**INSTRUCTIONS TO FOLLOW**: Would you return the listing that follows exactly, leaving its pictures behind?

**PROVIDED DATA**:

════

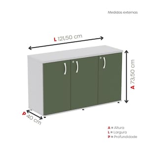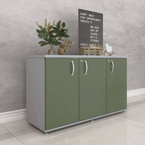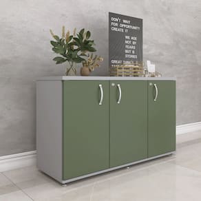 Armário para Escritório 3 Portas Credenza Cinza/Salvia
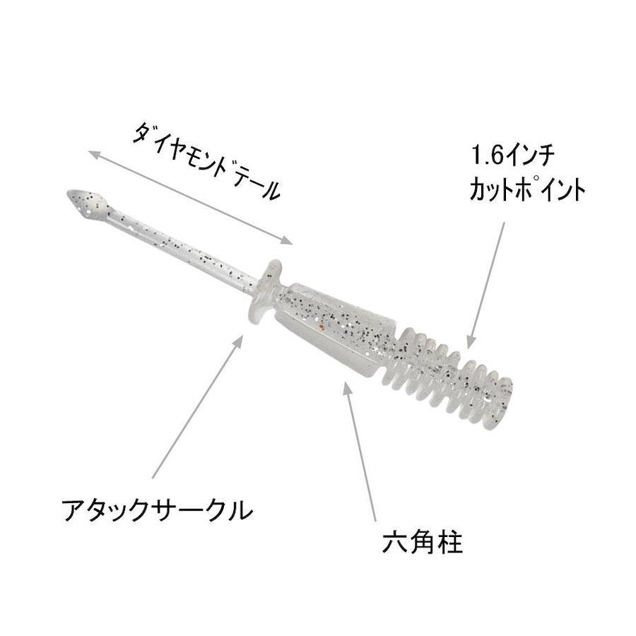 明確にあたりが手元に伝わるよう設計!極力引き抵抗を付ける為、深めのリブ、センター付近にある薄い円盤(アタックサークル)を採用。少しの水流でも、微波動するように、テール先端を8面体にカット(ダイヤモンドテール)しました。本体中盤の六角柱の形状によるフラッシング効果も期待出来ます。深リブ部分にカットマークが入っており、1.6インチにカットしても水平バランスを保ちます。リグの操作感、バイトの多さを体感できるワームとなっております!
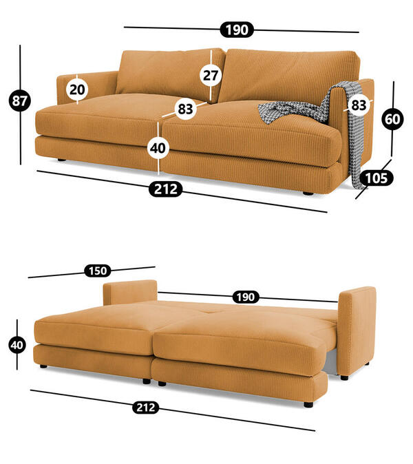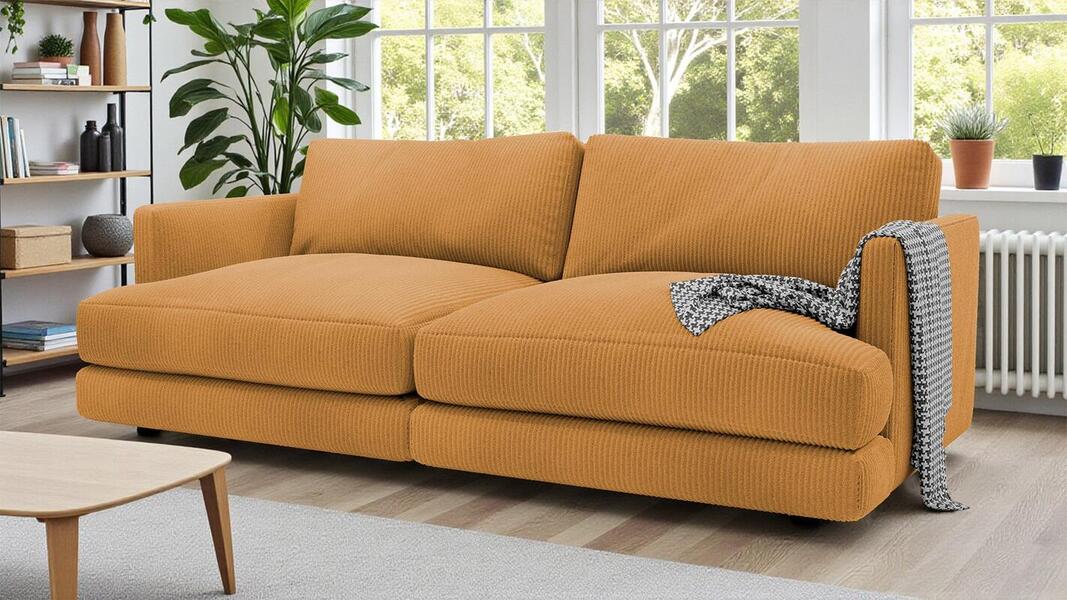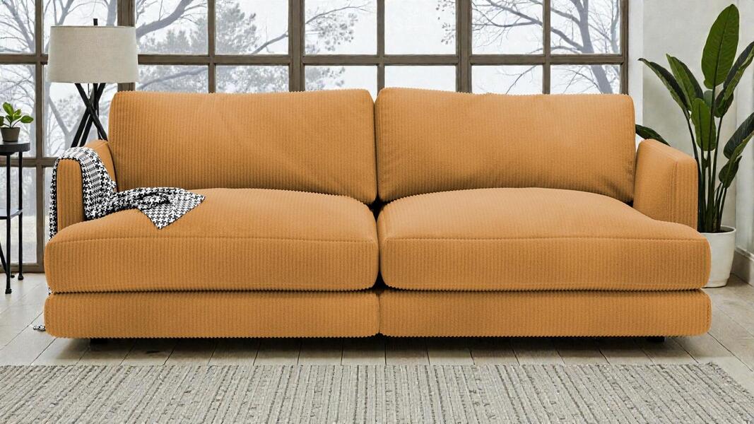 Диван Ибица 2 Cilium Umber 212*105*87 см, Желтый Вельвет Еврокнижка Фиеста

════

**RESPONSE AREA**:
 Armário para Escritório 3 Portas Credenza Cinza/Salvia
 明確にあたりが手元に伝わるよう設計!極力引き抵抗を付ける為、深めのリブ、センター付近にある薄い円盤(アタックサークル)を採用。少しの水流でも、微波動するように、テール先端を8面体にカット(ダイヤモンドテール)しました。本体中盤の六角柱の形状によるフラッシング効果も期待出来ます。深リブ部分にカットマークが入っており、1.6インチにカットしても水平バランスを保ちます。リグの操作感、バイトの多さを体感できるワームとなっております!
 Диван Ибица 2 Cilium Umber 212*105*87 см, Желтый Вельвет Еврокнижка Фиеста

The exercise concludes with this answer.